The increase in author numbers is due not only to increasing research complexity (technical sophistication of research process and attendant specialization of individual researchers) and collaboration but also to increasing competition. This competition includes pressures from evaluative criteria such as grants, patents, publications, and article citation rates that directly affect hiring, promotion, and tenure and indirectly affect social capital among colleagues, as well as pressures from scarce resource allocation (extramural grants, institutional support, compensation), and promotion, tenure, and recognition (prizes, awards).16  An analysis of the first 50 original articles published in the Journal of the American Medical Association, the New England Journal of Medicine, and the British Medical Journal each decade from 1960 to 2010 concluded that increasing research complexity and effort was an inadequate explanation for authorship growth.17  Instead, the better explanation was increasing academic pressure to publish, and the paucity of incentives to reduce multiple authorship—that is, author inflation.17,18  Another analysis also examined whether growing coauthorship was due to increasing complexity or increasing competition.16  It concluded that both complexity and competition contribute to higher author counts, but the role of complexity was steady or declining, while that of competition increased markedly. Another, game theory–based, analysis suggested that pursuit of the h-index (which grows with author numbers) was a “rational behavior” consequence of the current academic reward system.19  Thus, authorship growth is being driven in part by the academic reward system and attendant pressures. This is unfortunate, if not detrimental. Indeed, the pressures from institutional metrics have spawned an entire ecology of academic misconduct and manipulation.1  This is particularly problematic from a journals perspective because they have become involuntary victims of the struggle by universities to solve their own intractable problems regarding promotion and reward processes, which are perhaps most acute with biomedical sciences and clinical faculty.

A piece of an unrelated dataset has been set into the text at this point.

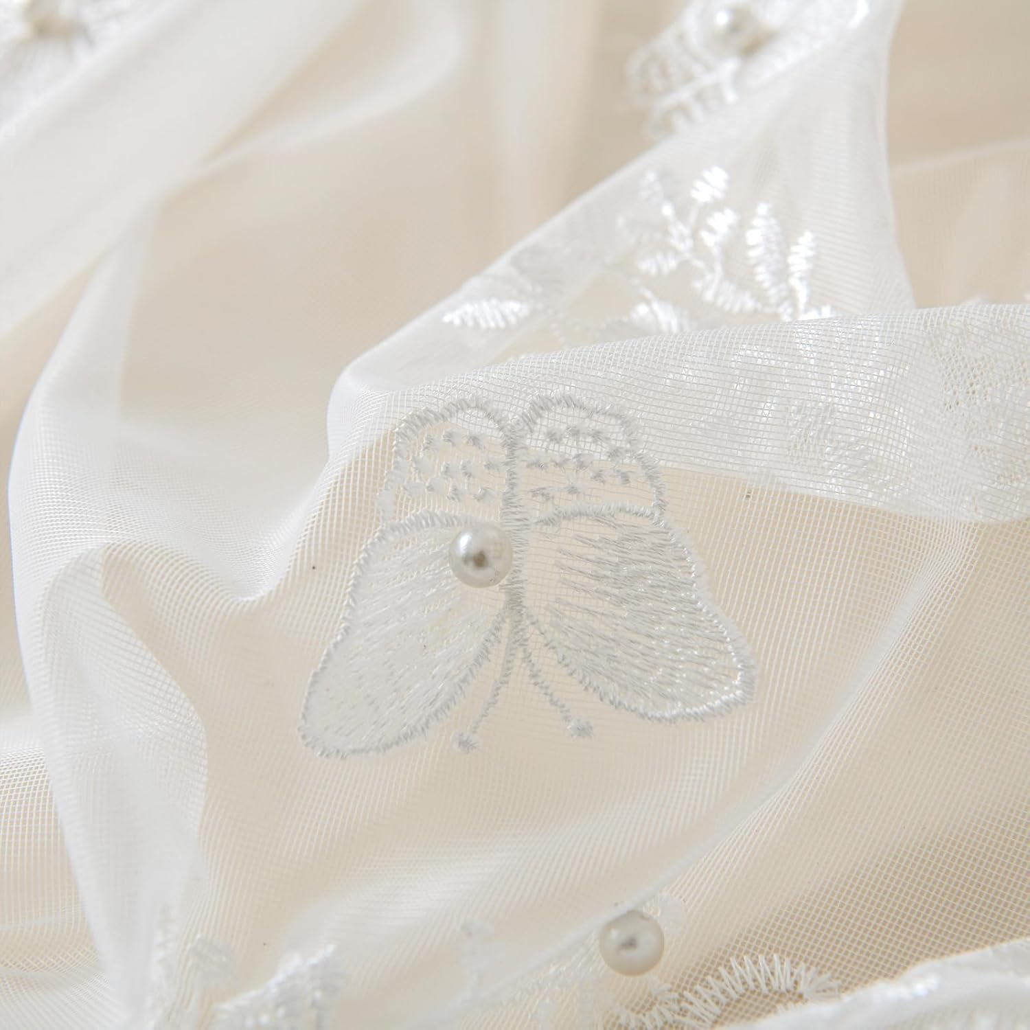 VISIONTEX White Sheer Voile Curtains, Decorative White Embossed Butterflies Rod Pocket Window Drapes for Home Kitchen, Living Room and Bedroom 54 x 63 Inch, Set of 2 Curtain Panels

A corollary of author inflation is author perceptions of contribution. Authors may overestimate their contribution to science.20  When coauthors of multiauthored articles were asked to estimate their fractional contribution to multiauthor articles, the sum exceeded 100% (it was 168%). When asked again, with a reminder that the sum cannot exceed 100%, the sum still remained greater than 100% (133%). Researchers had estimated their role as greater than it probably was and greater than what their collaborators thought it was.20  Disagreements about authorship naming are unfortunately common, and the most important factor leading to author disagreements is “measuring or valuing contributions,” which can affect scientific integrity, reputations, wellbeing, team cohesion, and future collaborations.14 

Authorship is a matter of scholarly integrity. Author plurality per se is not at issue. Author inflation is problematic and disconcerting, but the inclusion of gift and guest authors is truly unethical and rampant. Such authorship practices are considered a type of research fraud.21 Gift (honorary, courtesy) authorship is offered from a sense of obligation, tribute, dependence, or respect to an individual who did not contribute to the work in return for anticipated benefit (e.g., a department chair) or to a junior intending to advance their career. This is perceived to be the most prevalent type of authorship fraud. Guest (celebrity, prestige, complementary) authorship is granted in the belief that expert standing of the guest will increase the likelihood of publication or the credibility or status of the work or the authors. Gift and guest authorship are often referred to interchangeably. One-fourth to one-third of published original research articles in six leading medical journals had one or more honorary authors.22,23  More than one-third of Cochrane reviews had gift authors,24  and authorship criteria were probably not met by all authors in more than half of the reviews with more than 15 authors.25  Among the major various types of research fraud, gift authorship was perceived to be the most prevalent by faculty at U.S. research-intensive universities21  and by Chinese faculty who had recently worked in China and were working at European universities when surveyed.26 

What is the harm of a few extra authors? Why not a few “guests”? Why not hand out some “gifts”? Why not keep the boss happy—make them an author? Why not give authorship to a trainee who was essentially uninvolved but could certainly use a citation or two on their CV to “help” their career? Why not include the nice clinical fellow who collected a blood sample while on call? What about a surgeon who “requires” coauthorship as the “price” to enroll “their patient” in a clinical study?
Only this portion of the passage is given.